Zulip Chat Archive

Stream: maths

Topic: Lifting an equivalence to sym2

Yaël Dillies (Dec 25 2021 at 23:34):

docs#sym2.lift allows to lift symmetric maps f : α → α → β to functions sym2 α → β. Now, I want to define the unoriented edges of a multiset, so instead of the equality f a b = f b a, I have an equivalence f a b ≃ f b a. How do I lift that to a function from sym2?

import data.sym.sym2

universes u
variables {α : Type*}

namespace sym2

def lift_sort (f : α → α → Sort u) (e : Π a b, f a b ≃ f b a) (he : ∀ a b, (e a b).symm = e b a) :
  sym2 α → Sort u := sorry

variables (f : α → α → Sort u) (e : Π a b, f a b ≃ f b a) (he : ∀ a b, (e a b).symm = e b a)

def lift_sort_equiv (a b : α) : lift_sort f e he ⟦(a, b)⟧ ≃ f a b :=
sorry

-- maybe some lemma along the lines of
-- `(lift_sort_equiv f e a b).symm.trans (lift_sort_equiv f e b a) = e a b`?

end sym2

Note that I don't know how to handle the diagonal. If we consider that an edge should always come from two darts, then lift_sort_equiv should take a ≠ b as assumption.
But really any progress would help.
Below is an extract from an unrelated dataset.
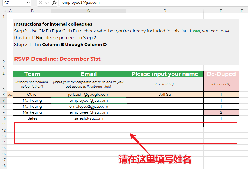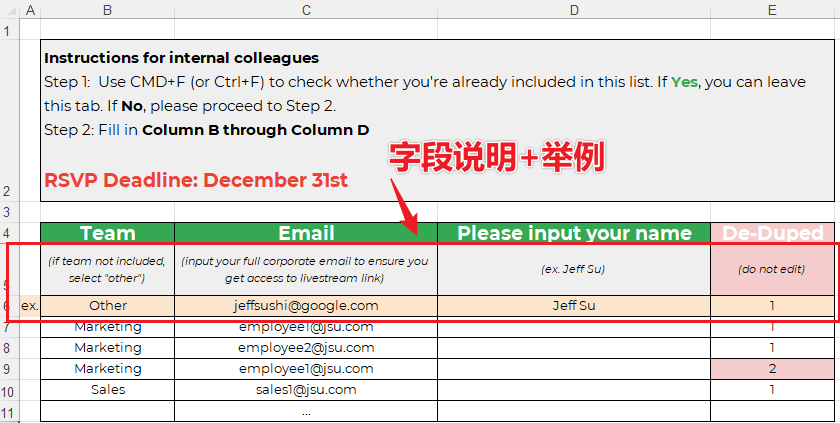 在标题下面,备注上字段的含义,或者在第2行中添加填写示例,既可以让读者感受到更好的填写体验,同时也可以规范好原始数据,避免错误数据的产生。

I've been stuck on that for several days now.

Maybe @Kyle Miller can help?

Bhavik Mehta (Dec 25 2021 at 23:37):

import data.sym.sym2

universes u
variables {α : Type*}

namespace sym2

variables (f : α → α → Sort u) (e : Π a b, f a b ≃ f b a) (he : ∀ a b, (e a b).symm = e b a)

def lift_sort (f : α → α → Sort u) :
  sym2 α → Sort u :=
λ x, f (quotient.out x).1 (quotient.out x).2

lemma out_eq (a b : α) : ⟦(a, b)⟧.out = (a, b) ∨ ⟦(a, b)⟧.out = (b, a) :=
begin
  have : ⟦(⟦(a, b)⟧.out.1, ⟦(a, b)⟧.out.2)⟧ = ⟦(a, b)⟧,
  { simp },
  rw sym2.eq_iff at this,
  rwa [prod.ext_iff, prod.ext_iff],
end

open_locale classical

noncomputable def lift_sort_equiv (f : α → α → Sort u) (e : Π a b, f a b ≃ f b a)
  (he : ∀ a b, (e a b).symm = e b a) (a b : α) :
  lift_sort f ⟦(a, b)⟧ ≃ f a b :=
dite (⟦(a, b)⟧.out = (a, b))
  (λ h, equiv.cast (by { change f _ _ = _, rw h }))
  (λ h, (equiv.cast (by { change f _ _ = _, rw (out_eq _ _).resolve_left h })).trans (e _ _))

end sym2

Bhavik Mehta (Dec 25 2021 at 23:39):

I'm not sure what your lemma is meant to be describing, I can't make it typecheck

Bhavik Mehta (Dec 25 2021 at 23:48):

Ah, maybe you mean

lemma lift_sort_equiv_symm_trans {a b : α} :
  (lift_sort_equiv f e _ _).symm.trans (equiv.trans (equiv.cast (by rw sym2.eq_swap)) (lift_sort_equiv f e b a)) = e a b :=

Yaël Dillies (Dec 25 2021 at 23:48):

Yes exactly

Bhavik Mehta (Dec 25 2021 at 23:49):

When a = b, this lemma implies equiv.refl (f a a) = e a a

Bhavik Mehta (Dec 25 2021 at 23:52):

And with that assumption, it's not too tricky to prove:

lemma lift_sort_equiv_symm_trans {a b : α}
  (he : ∀ a b, (e a b).symm = e b a) (hf : equiv.refl (f a a) = e a a) :
  (lift_sort_equiv f e _ _).symm.trans
    ((equiv.cast (by rw sym2.eq_swap)).trans (lift_sort_equiv f e b a)) = e a b :=
begin
  rw [lift_sort_equiv, lift_sort_equiv],
  rcases eq_or_ne a b with rfl | hab,
  { simpa },
  cases out_eq a b,
  { rw [dif_pos h, dif_neg],
    { ext x,
      simp },
    rw [sym2.eq_swap, h],
    simp [hab] },
  { rw [dif_neg, dif_pos],
    { ext x,
      simp [he] },
    { rwa [sym2.eq_swap] },
    rw h,
    simp [hab] }
end

Yaël Dillies (Dec 25 2021 at 23:53):

So Kyle, what do you think of making this sym2 α → Sort u edges map the primitive for multigraph? It seems quite hard to build it from the α → α → Sort u homs. The other way around is trivial and can be handled by the typeclasses I'm offering.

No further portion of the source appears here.